Concernant les institutions financières internationales, la question est aussi d’ordre politique. En 1996, le FMI et la Banque Mondiale ont conjointement lancé « l’initiative des pays pauvres très endettés ». Ce programme visait à alléger la dette des pays pauvres en effaçant tout simplement une partie, en échange d’un engagement des Etats bénéficiaires pour lutter contre la pauvreté. Pas moins d’une quarantaine de pays ont pu bénéficier de ce programme. La Tunisie n’en faisait pas partie car elle ne répondait pas aux critères d’éligibilité. Il ne s’agit pas ici d’appeler à bénéficier de ce programme, mais simplement de démontrer qu’un effacement de la dette par ces institutions est possible, tant que les conditions politiques puissent légitimer cet allègement.

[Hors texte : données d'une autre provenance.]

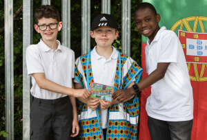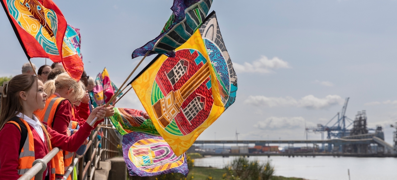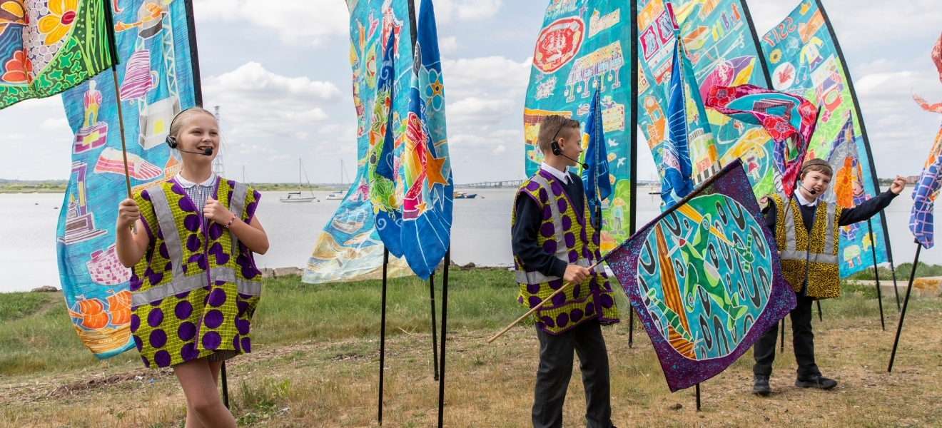T100 Young Ambassadors from East Tilbury Primary School with their coastcards, created as part of Our River, the 11th annual festival
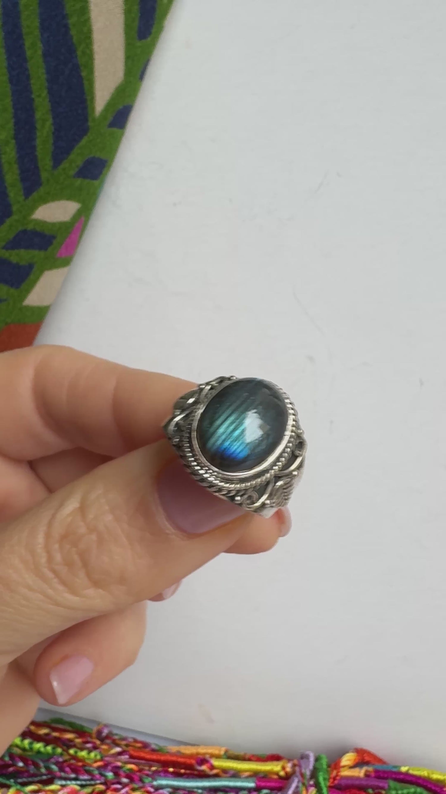 Anello argento 925 labradorite misura 17/18 - 32SZ
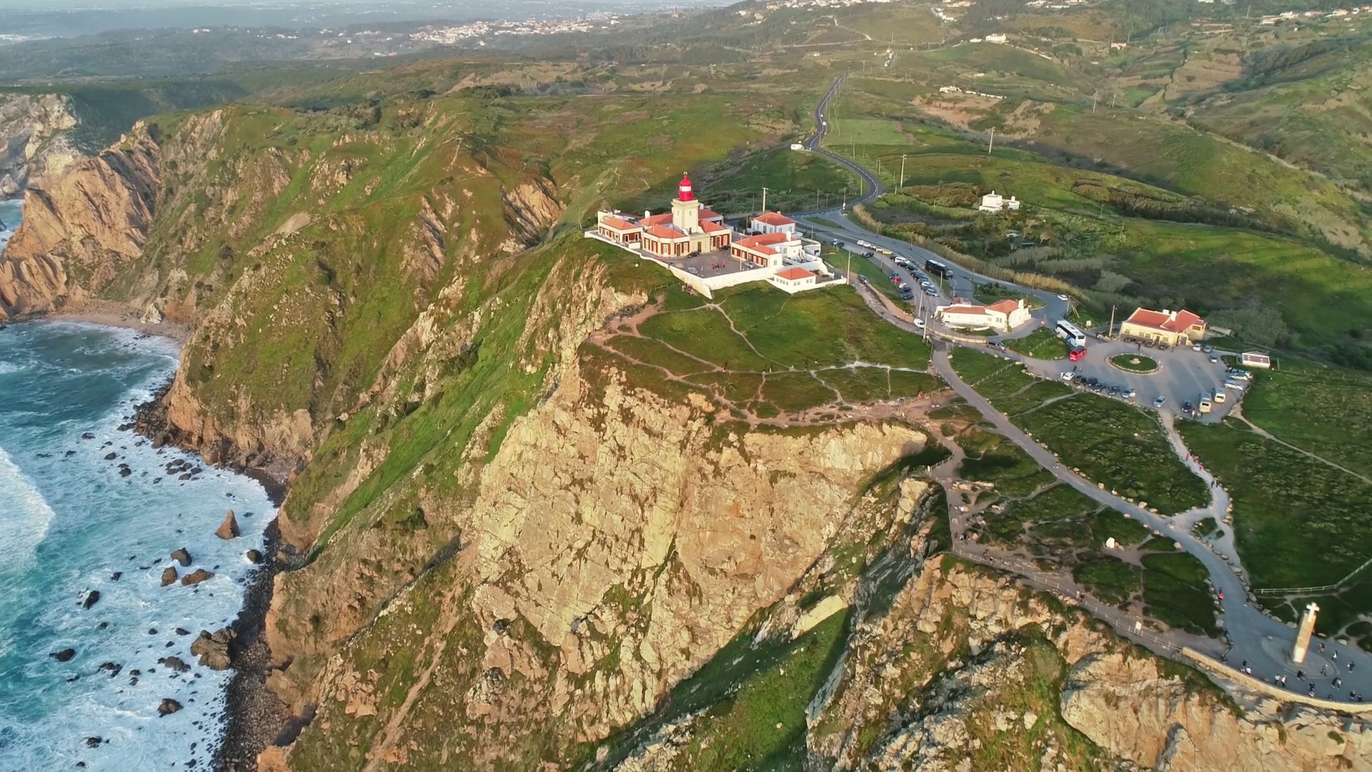Aerial View Of Lighthouse At Cape Roca Cabo Da Roca At Sunset The Westernmost Point Of Continental Europe Portugal 4kÂ
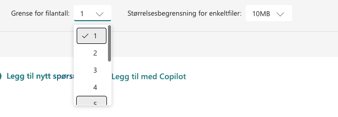 Du kan også definere antall filer respondenten kan laste opp, og maks størrelse på filene (10M, 100MB eller 1GB).
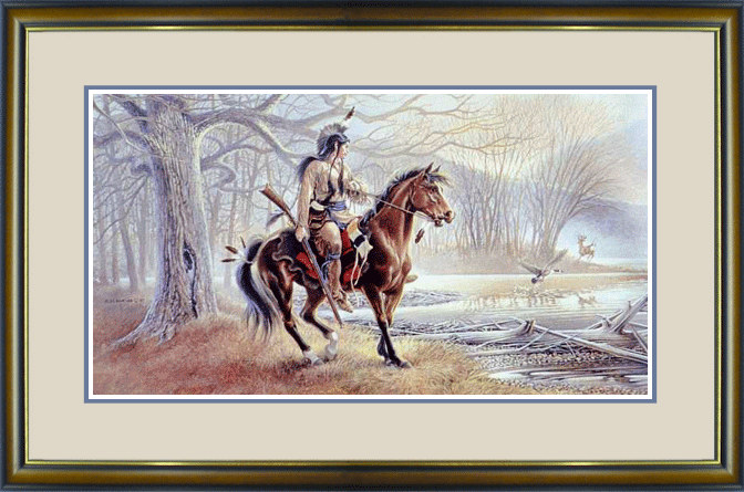 From the West beyond the Ohio River this Shawnee has come to hunting grounds protected and shared by the Indian tribes. Stretching eastward to the Blue Ridge Mountains, this land is trodden by great herds of elk and buffalo and teems with smaller game. So valuable a place that, in the words of Logan, great chief of the Mingoes, "all may hunt, but none may live there."

Pour ce faire, une stratégie diplomatique semble être plus que nécessaire. Plusieurs pays sont dans le même cas que la Tunisie, et la construction d’un front politique et diplomatique en faveur de l’effacement des dettes extérieures peut créer un rapport de force dans les négociations. La CNUCED a ainsi proposé un accord mondial sur la dette, et ce, afin d’éviter un désastre économique mondial. Ce type d’initiative ne fera que renforcer le poids des débiteurs dans les négociations avec leurs créanciers. Par ailleurs, certains économistes préconisent la création d’un fonds international pour le rachat des titres de dette des pays en développement envers les marchés financiers. Une dette qui représente près d’un tiers de notre dette extérieure.

Conclusion

La question de la dette, comme dit précédemment, représente une barrière psychologique dans l’inconscient politique tunisien, ce qui est légitime. Cependant, la situation que l’on vit aujourd’hui est inédite. Le FMI prévoit une récession de 4% du PIB tunisien, une première historique. Cette crise pourrait être fatale pour l’économie tunisienne. Dans ce texte, nous avons démontré qu’annuler la dette était une option possible, envisageable et souhaitable.

Loin des calculs mathématiques et comptables, la question qui se pose aujourd’hui est d’ordre politique : quel est le projet politique de la République Tunisienne ? Les générations futures sont-elles condamnées à vivre avec pour seul objectif le remboursement d’une dette qui ne sera jamais remboursée ? Cela est absurde. L’économie tunisienne aura besoin de souffler après cette crise. Nous aurons besoin d’investir massivement dans la santé, les infrastructures, l’éducation. Nous aurons besoin de prévoir la transition énergétique et la crise écologique et climatique. Pour ce faire, nous avons besoin de regagner notre souveraineté politique et économique. La dette ne nous laisse aucune marge de manœuvre. L’annuler est aujourd’hui une question de sécurité nationale. Le contexte est favorable, il ne manque que le courage.